───── Recorded data

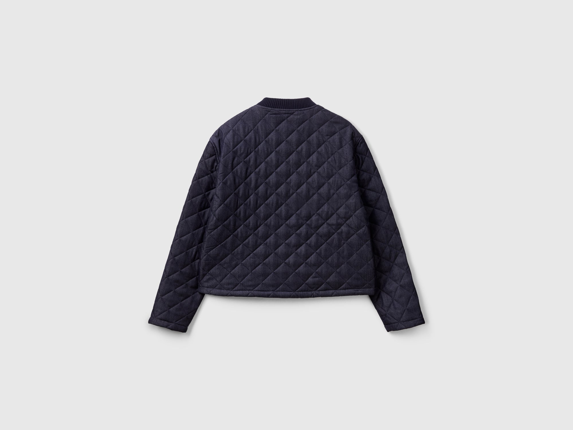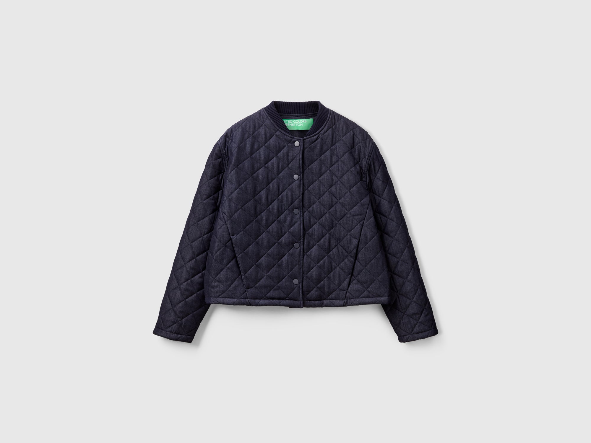 Giubbino in morbido tessuto trapuntato di misto viscosa effetto denim, con imbottitura interna. Colletto stile bomber, apertura frontale con bottoni a pressione e tasche inserite davanti.  Un classico senza tempo, ideale per esprimere la tua personalità con originalità.
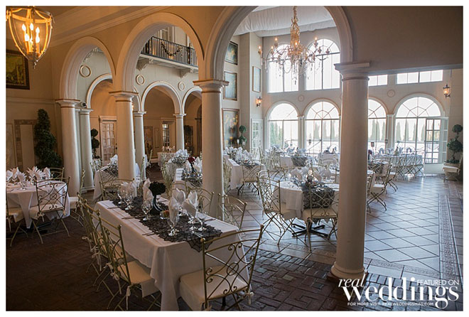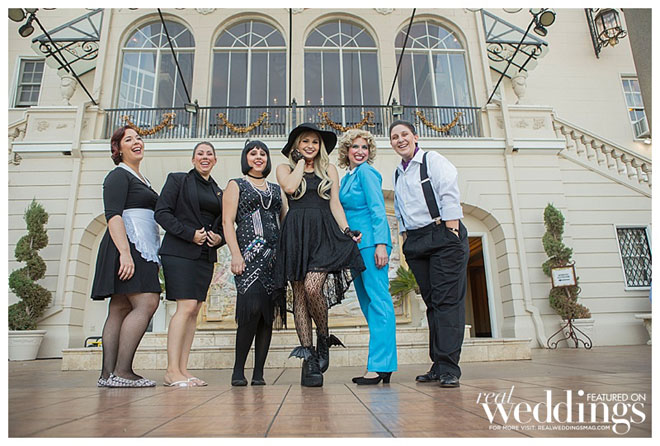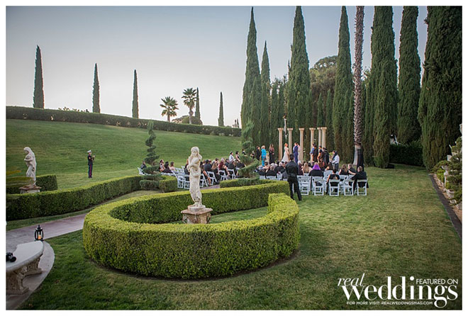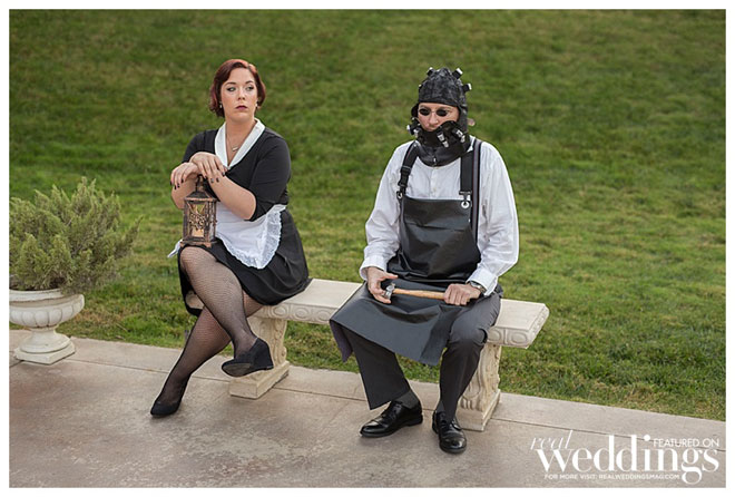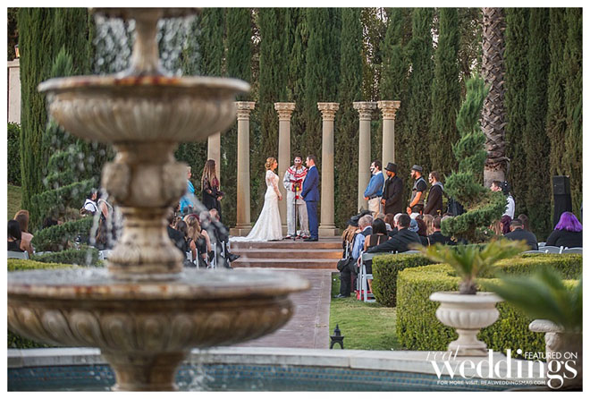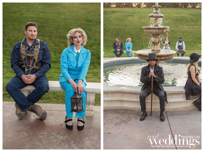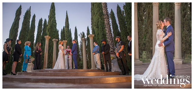 The ceremony was held outside in front of the mansion. The wedding party, wearing their costumes, sat around a huge fountain, causing guests to question what was going on. It was all a part of the theme.
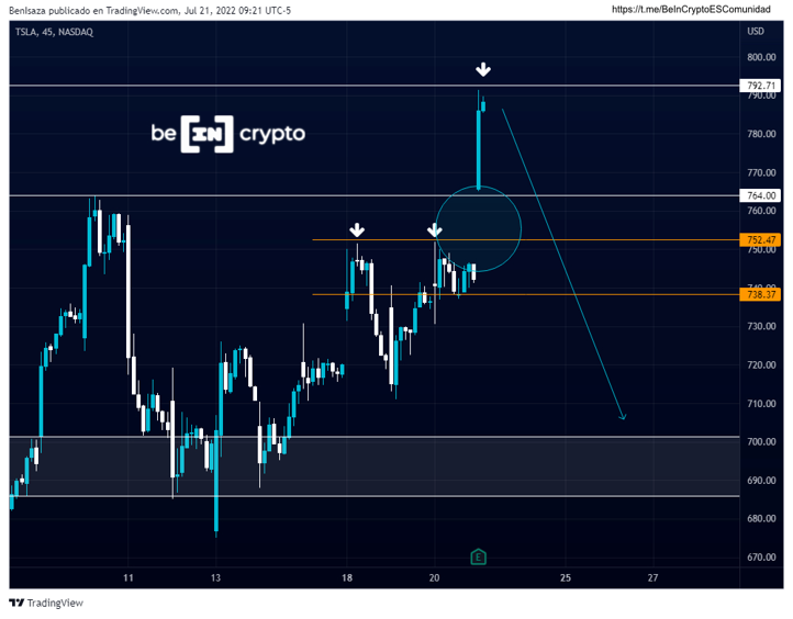 Tesla presentaba una formación bajista tras crear un doble techo sobre la barrera de los 752 dólares. Durante el cierre de la sesión de NYSE la cotización en Tesla subió un 7.52% en su cotización con la posibilidad de alcanzar los 800 dólares por acción.

──────────

#### [Task to complete]
Images are to be left out; everything else in the material must be written out exactly.

#### [Exercise solution]
 Giubbino in morbido tessuto trapuntato di misto viscosa effetto denim, con imbottitura interna. Colletto stile bomber, apertura frontale con bottoni a pressione e tasche inserite davanti.  Un classico senza tempo, ideale per esprimere la tua personalità con originalità.
 The ceremony was held outside in front of the mansion. The wedding party, wearing their costumes, sat around a huge fountain, causing guests to question what was going on. It was all a part of the theme.
 Tesla presentaba una formación bajista tras crear un doble techo sobre la barrera de los 752 dólares. Durante el cierre de la sesión de NYSE la cotización en Tesla subió un 7.52% en su cotización con la posibilidad de alcanzar los 800 dólares por acción.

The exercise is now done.